EXERCISE INSTRUCTIONS:
The answer must be a word-for-word copy of the records below, with every picture left out.

(Dataset excerpts)
________________________
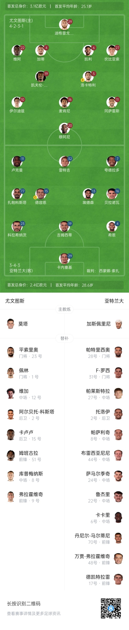 - 尤文vs亚特兰大首发:穆阿尼、伊尔迪兹、冈萨雷斯出战
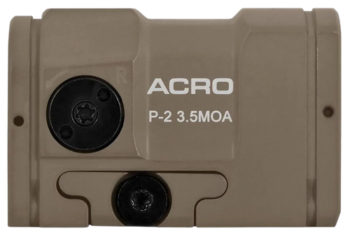The Aimpoint ACRO P-2 is a 1x fixed magnification red dot sight with a 3.5 MOA dot and unlimited eye relief. It features a fully enclosed design with hardened front and rear glass lenses, multi-layer optic coating, and a 5-year battery runtime with CR2032 battery. The sight is tested to withstand 20,000 rounds of .40 S&W and includes flush-mounted windage and elevation knobs with audible tactile clicks.
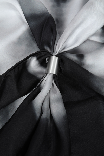 1017 9sm Printed Foulard Top Printed Silk Foulard With Logo In Nero/bianco
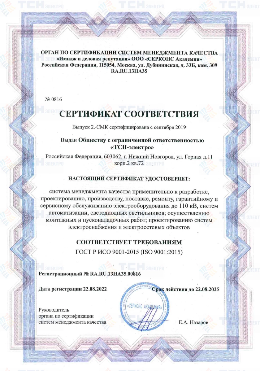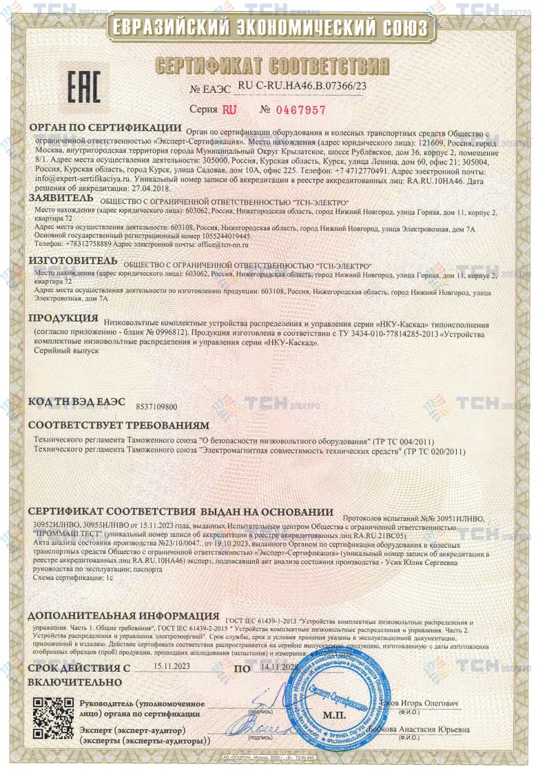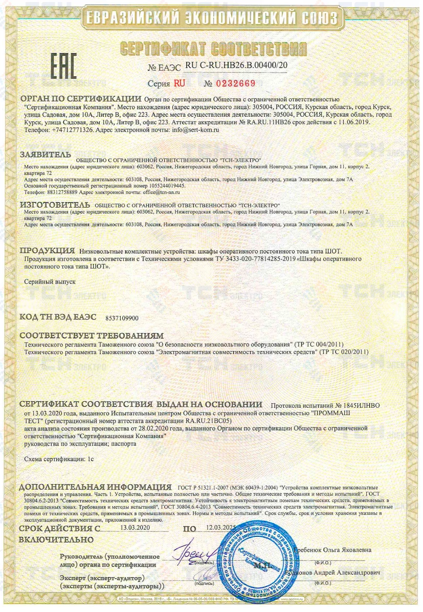 Сертификат соответствия НКУ типа ШОТ требованиям ТР ТС
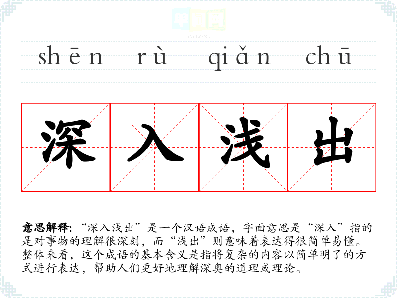 “深入浅出”是一个汉语成语,字面意思是“深入”指的是对事物的理解很深刻,而“浅出”则意味着表达得很简单易懂。整体来看,这个成语的基本含义是指将复杂的内容以简单明了的方式进行表达,帮助人们更好地理解深奥的道理或理论。
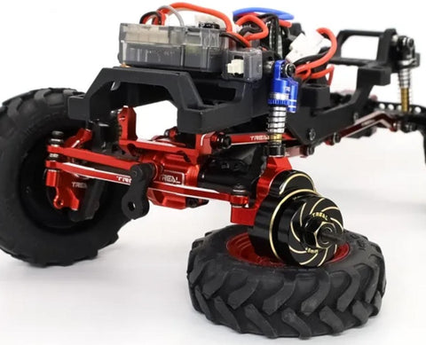 Treal Hobby FCX24 Brass Wheel Hub Spacer Weights. Constructed from heavy CNC brass, these optional wheel hubs are intended for the FCX24 platforms to add 49.2g of total unsprung weight for a lower center of gravity and 10mm of total track width to maximize stability and crawling performance! In addition, this set will significantly enhance the durability and strength of your FCX24 and add some bling as well!
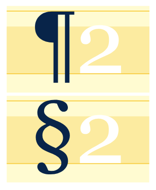 The unusual English name for the paragraph sign, “pilcrow”, may have its roots in the French “pelagraphe”, a corruption of the English “paragraph”. Its shape evolved from the capital C with double slash—”C” for capitulum, “chapter” in Latin. The pilcrow denotes paragraphs in legal and academic writing. In desktop publishing software, it marks the presence of an invisible carriage return at the end of a paragraph. This last application has caused the pilcrow to be adopted as the universal icon in desktop publishing for hidden characters, such as spaces, tab characters, end of line and page breaks, and so on. Related to the pilcrow, the section sign mainly refers to a particular section, such as legal code. The double S shape originated from the Latin “signum sectionis”. Both pilcrow and section sign can also call out footnotes, after the asterisk, dagger, and double dagger. However, this usage is declining in favor of numbered footnotes.
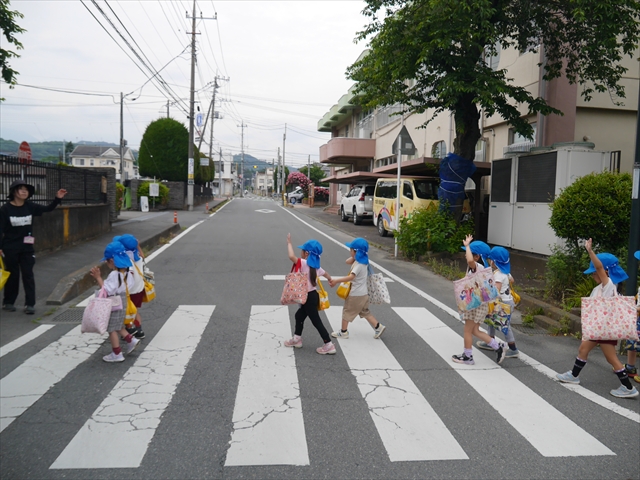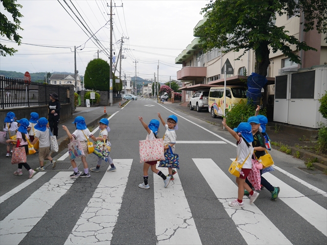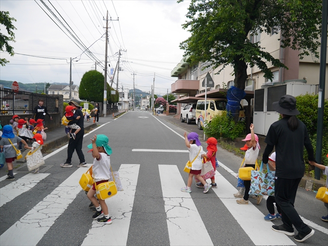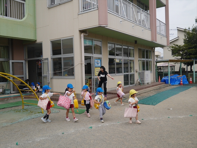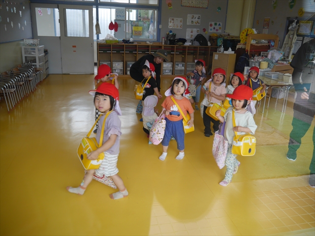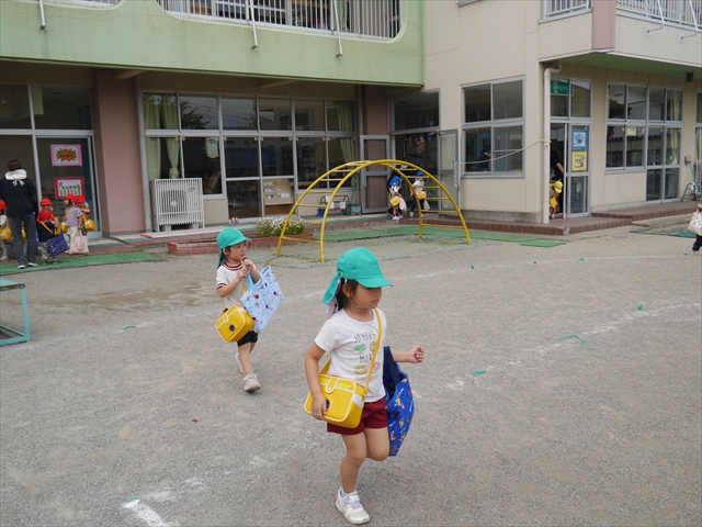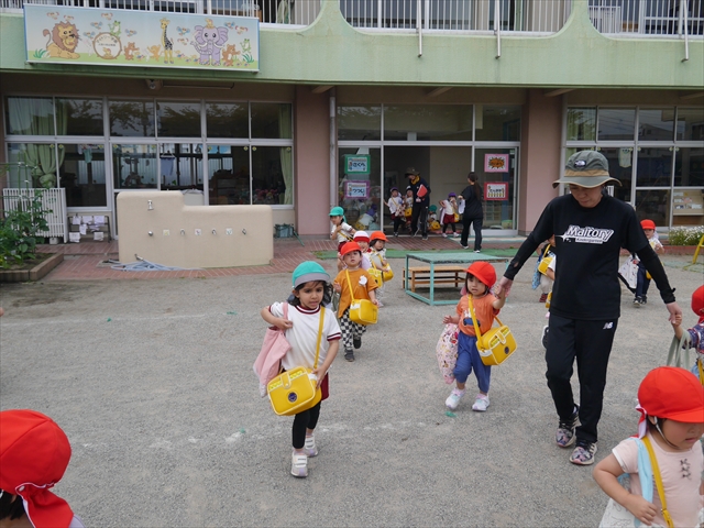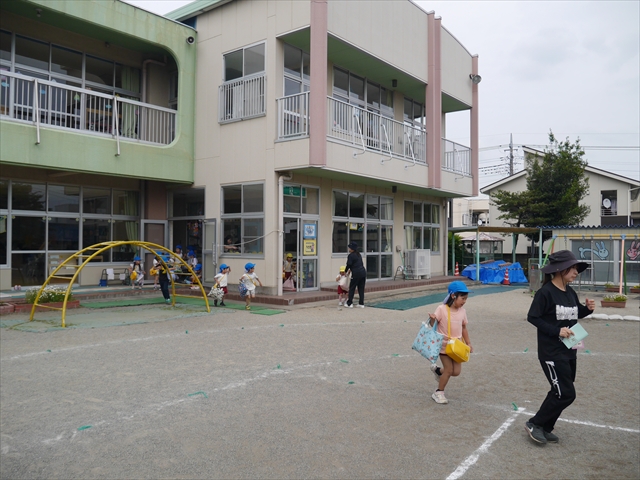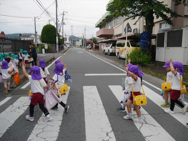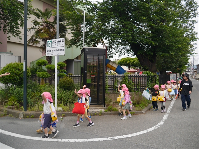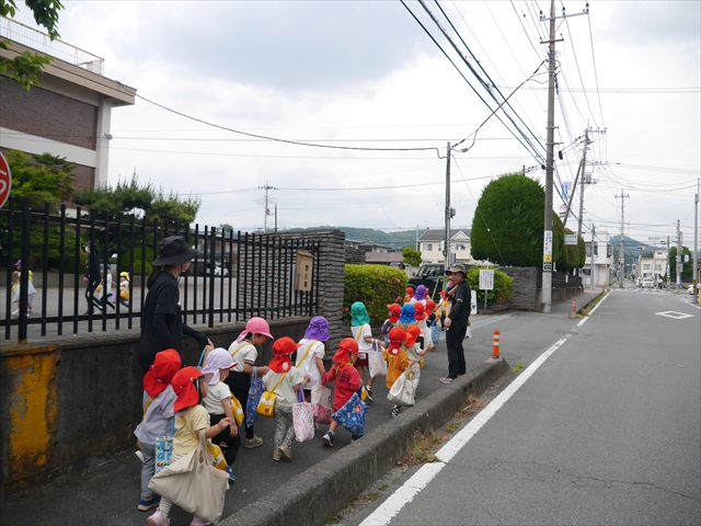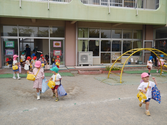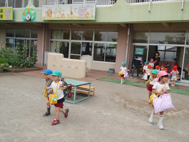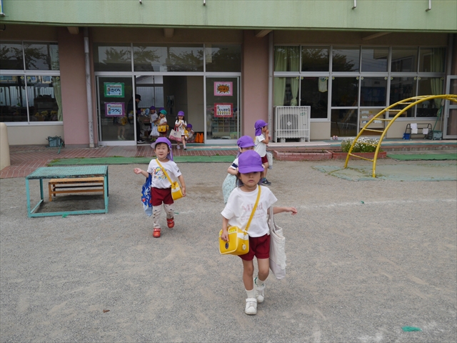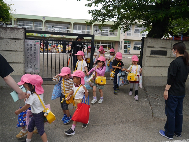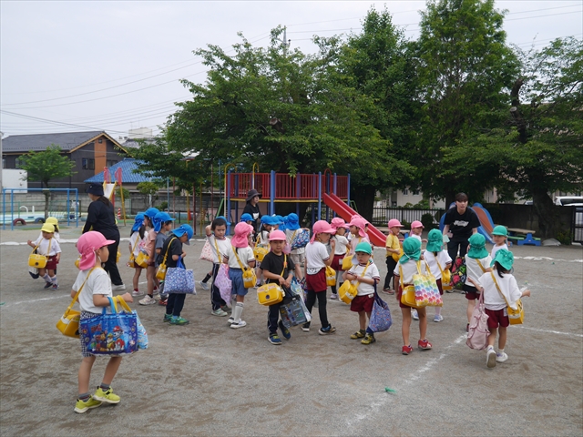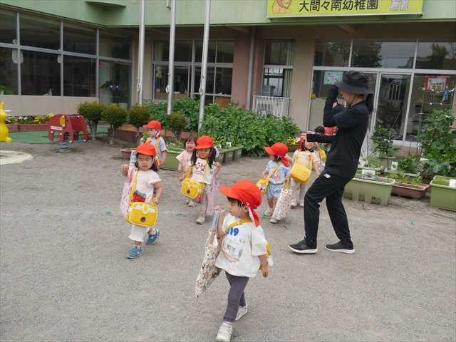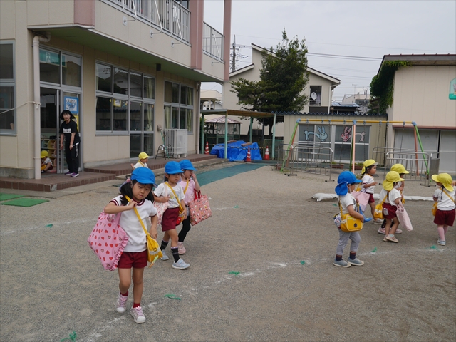 今日は、雨も降らず、暑過ぎもせず、引き渡し訓練には丁度良い天気でした。子どもたちもしっかり園庭に避難し、そして、大間々南小学校へもみんなしっかり行くことができ、無事保護者の皆さんに引き渡すことができました。(^
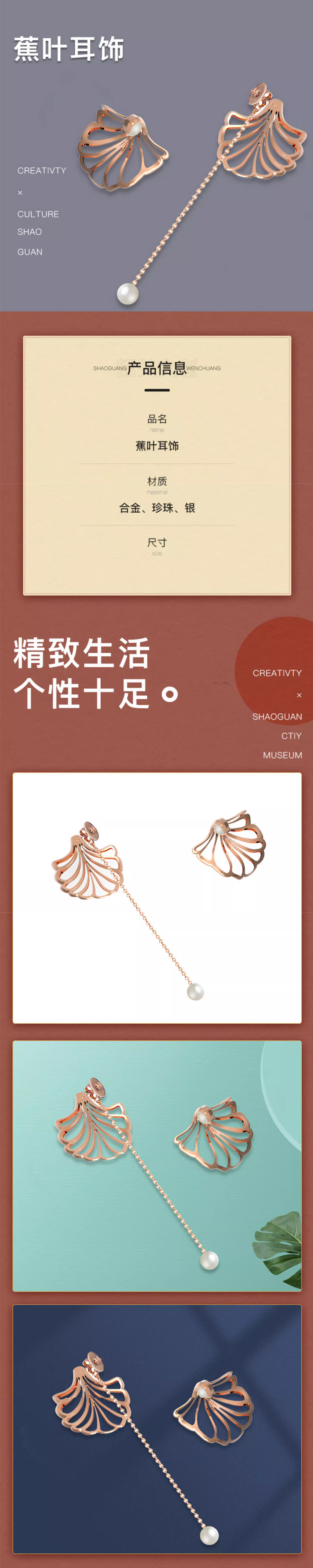 【韶关市博物馆文创】蕉叶耳饰女银高级感百搭大气珍珠耳坠简约韩镂空耳钉
________________________
RESULT FOR THIS TASK:
 - 尤文vs亚特兰大首发:穆阿尼、伊尔迪兹、冈萨雷斯出战
The Aimpoint ACRO P-2 is a 1x fixed magnification red dot sight with a 3.5 MOA dot and unlimited eye relief. It features a fully enclosed design with hardened front and rear glass lenses, multi-layer optic coating, and a 5-year battery runtime with CR2032 battery. The sight is tested to withstand 20,000 rounds of .40 S&W and includes flush-mounted windage and elevation knobs with audible tactile clicks.
 1017 9sm Printed Foulard Top Printed Silk Foulard With Logo In Nero/bianco
 Сертификат соответствия НКУ типа ШОТ требованиям ТР ТС
 “深入浅出”是一个汉语成语,字面意思是“深入”指的是对事物的理解很深刻,而“浅出”则意味着表达得很简单易懂。整体来看,这个成语的基本含义是指将复杂的内容以简单明了的方式进行表达,帮助人们更好地理解深奥的道理或理论。
 Treal Hobby FCX24 Brass Wheel Hub Spacer Weights. Constructed from heavy CNC brass, these optional wheel hubs are intended for the FCX24 platforms to add 49.2g of total unsprung weight for a lower center of gravity and 10mm of total track width to maximize stability and crawling performance! In addition, this set will significantly enhance the durability and strength of your FCX24 and add some bling as well!
 The unusual English name for the paragraph sign, “pilcrow”, may have its roots in the French “pelagraphe”, a corruption of the English “paragraph”. Its shape evolved from the capital C with double slash—”C” for capitulum, “chapter” in Latin. The pilcrow denotes paragraphs in legal and academic writing. In desktop publishing software, it marks the presence of an invisible carriage return at the end of a paragraph. This last application has caused the pilcrow to be adopted as the universal icon in desktop publishing for hidden characters, such as spaces, tab characters, end of line and page breaks, and so on. Related to the pilcrow, the section sign mainly refers to a particular section, such as legal code. The double S shape originated from the Latin “signum sectionis”. Both pilcrow and section sign can also call out footnotes, after the asterisk, dagger, and double dagger. However, this usage is declining in favor of numbered footnotes.
 今日は、雨も降らず、暑過ぎもせず、引き渡し訓練には丁度良い天気でした。子どもたちもしっかり園庭に避難し、そして、大間々南小学校へもみんなしっかり行くことができ、無事保護者の皆さんに引き渡すことができました。(^
 【韶关市博物馆文创】蕉叶耳饰女银高级感百搭大气珍珠耳坠简约韩镂空耳钉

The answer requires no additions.